New Policy to Directly Licence Physicians from More Countries
The College of Physicians and Surgeons of Nova Scotia has approved a policy allowing physicians licensed in the UK, Australia or New Zealand to become directly licensed in Nova Scotia. It is the first College in Canada to do so.
Under this policy, physicians with an equivalent to a Full licence in the United Kingdom, New Zealand, and Australia will be licensed in Canada without need for Royal College review, a Practice Ready Assessment or certification here.
“The College is exploring all ways to identify and license competent physicians, with or without Canadian certifying exams. We have reviewed the training and health care systems in these jurisdictions. With supervision in place to oversee their adjustment to practise here, we are confident physicians licensed under this policy will provide safe and competent care,“ said Dr. Gus Grant, Registrar & CEO of the College.
The development of this pathway to a Defined licence will negate the need to apply to the Royal College for eligibility (though physicians are welcome to apply). This will significantly reduce the amount of time to licensure while reducing costs and administrative burden. At the same time, this pathway provides support and reassurance of competence. This new pathway to licensure also allows for physicians to access the streamlined immigration process.
“The College undertook an extensive due diligence in reviewing these jurisdictions. Our aim was to determine an expedited pathway forward to licence more competent physicians. The review included meetings with the regulatory authorities in these countries, a review of training, policies as well as gaining an understanding of the healthcare systems in these specific countries,” said Dr.

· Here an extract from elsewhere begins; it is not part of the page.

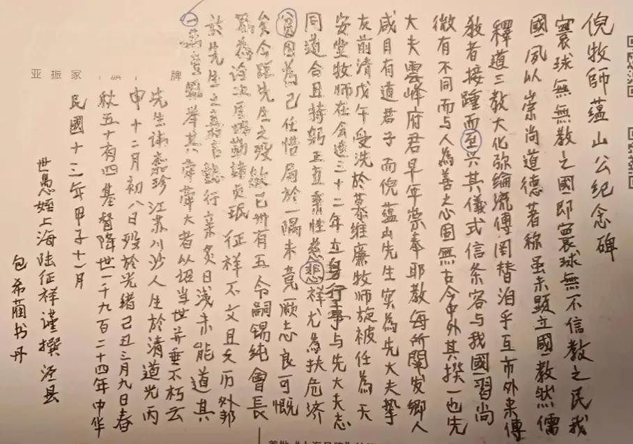 倪牧师蕴山公纪念碑 寰球无无教之国,即寰球无不信教之民,我国夙以崇尚道德著称,虽未显立国教,然儒释道三教大化弥纶流传,罔替洎乎互市外来传教者接踵而至,兴其仪式信条,容与我国习尚微有不同,而与人为善之心固无古今中外,其揆一也。(??)先大夫云峰府君早年崇奉耶教,每所阐发乡人咸目(羡慕?)有道君子。而倪蕴山先生实为先大夫挚友。前清戊午受洗于慕维廉牧师,旋被任为天安堂牧师,在会达三十二年,立身行事与先大夫志同道合,且持躬正直、秉性慈祥,尤为扶危济贫引为己任。惜局于一隅未竟厥志良可慨矣。今距先生之殁数已三十有五,令嗣锡纯会长属为诠次厓略勒诸贞珉。征祥不文且久历外邦,于(??)先生嘉言懿行亲灸日浅,未能道其万一辄,举其荦荦大者以诏当世并垂不朽云(??)。先生讳嘉珍,江苏川沙人,生于清道光丙申十二月初八日,殁于光绪己丑三月九日,春秋五十有四,基督降世一千九百二十四年,(立此碑文于?)中华民国十三年甲子十一月。

Grant.
Physicians on the Specialist or General Practice Register in the UK, on the Specialist Register in Australia or on the Vocational Scope in New Zealand with active licences or practising certificates are now eligible for a Defined licence and the pathway for long-term licensure. They will undergo six months of concentrated supervision. The supervision provides for reassurance that the physician is competent within the Canadian health care system and provides good support as the physician integrates into the health care environment.